Step 15: Add more commits to your pull request
You can continue to add more commits to your pull request even after opening it! For example, the project maintainers may ask you to make some changes, or you may just think of a change that you forgot to include:
Start by returning to your local repository, and use
git branch to see which branch is currently checked out. If you are currently in the master branch (rather than the branch you created), then use
git checkout BRANCH_NAME to switch. For example, I used
git checkout doc-fixes.
Then, you should repeat steps 9 through 11: make changes, commit them, and push them to your fork.
Finally, return to your open pull request on GitHub and refresh the page. You will see that your new commits have automatically been added to the pull request:
Step 16: Discuss the pull request
If there are questions or discussion about your pull request from the project maintainers, you can add to the conversation using the comment box at the bottom of the pull request:
If there are inline comments about specific changes you made, you can respond to those as well:
Click the Resolve conversation button once you have addressed any specific requests.
Step 17: Delete your branch from your fork
If the project maintainers accept your pull request (congratulations!), they will merge your proposed changes into the project's master branch and close your pull request:
You will be given the option to delete your branch from your fork, since it's no longer of any use:
Click the Delete branch button:
Step 18: Delete your branch from your local repository
You should also delete the branch you created from your local repository, so that you don't accidentally start working in it the next time you want to make a contribution to this project.
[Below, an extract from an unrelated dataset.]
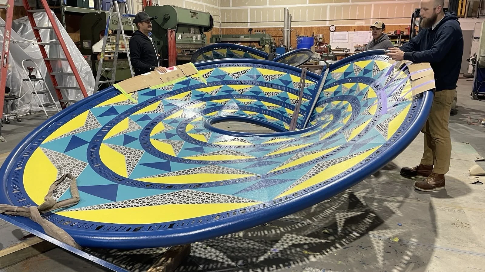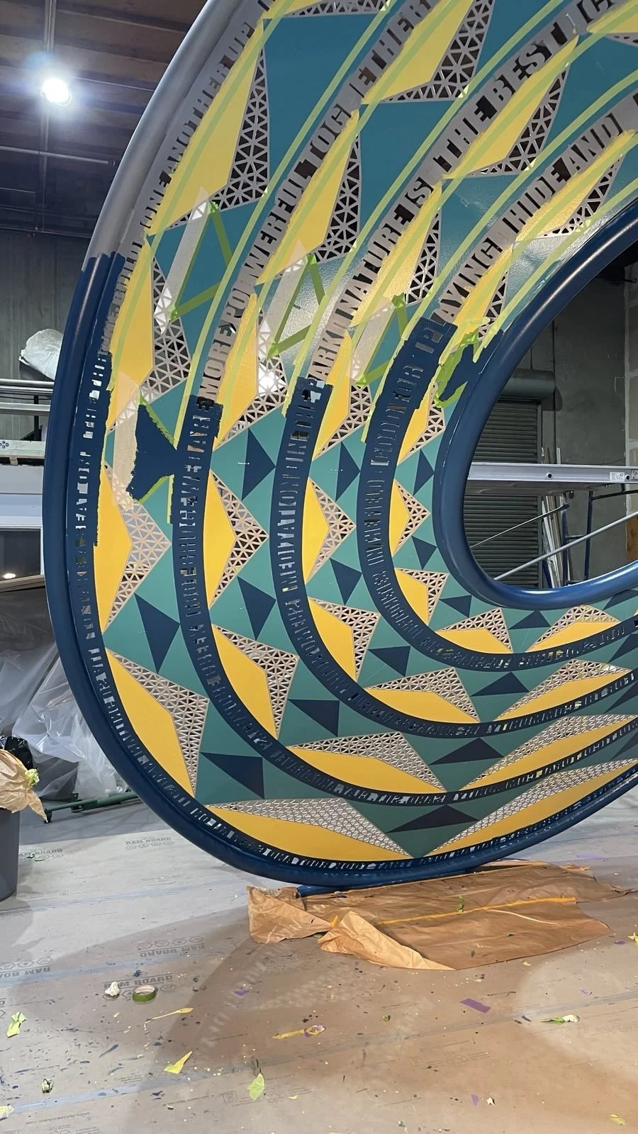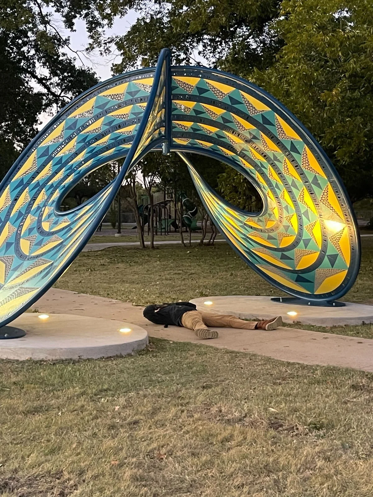 “Energetic” is inspired by the intersection of athletics and nature in the Sycamore Park/Ft. Worth area. The sculpture features words and phrases from the local residents recorded from sessions that Blessing Hancock did with the community.

First, switch to the master branch:
git checkout master.
Then, delete the branch you created:
git branch -D BRANCH_NAME. For example, I used
git branch -D doc-fixes.
Step 19: Synchronize your fork with the project repository
At this point, your fork is out of sync with the project repository's master branch.
To get it back in sync, you should first use Git to pull the latest changes from "upstream" (the project repository) into your local repository:
git pull upstream master.
Then, push those changes from your local repository to the "origin" (your fork):
git push origin master.
If you return to your fork on GitHub, you will see that the master branch is "even" with the project repository's master branch:
This step is not strictly necessary, since you will pull changes from upstream before you make your next contribution to this project (step 7). However, this step is useful if you are going to clone your fork from another machine.
Congratulations on making your first open source contribution! 🎉 Please share a link to your successful pull request in the comments section below. If you ran into any unexpected problems, I'd love to hear about it so that I can continue to improve this guide.
Tips for contributing code
If you're ready to start making code contributions (beyond just fixing typos), here are a few tips:
- Browse through a repository's open issues (especially ones labeled "good first issue") to see if there is an issue you might be able to solve.
- If you're planning to contribute code that is unrelated to an existing issue, it's a good idea to open a new issue describing your proposal before starting work on it. The project maintainers might give you feedback that will help to shape your work, which will ultimately increase the likelihood that your pull request will be accepted.
- Read the project's contributing guide, which will usually be in the GitHub repository or the project documentation. It will likely contain many helpful tips for how to successfully contribute to the project.
Good luck, and let me know if you have any questions!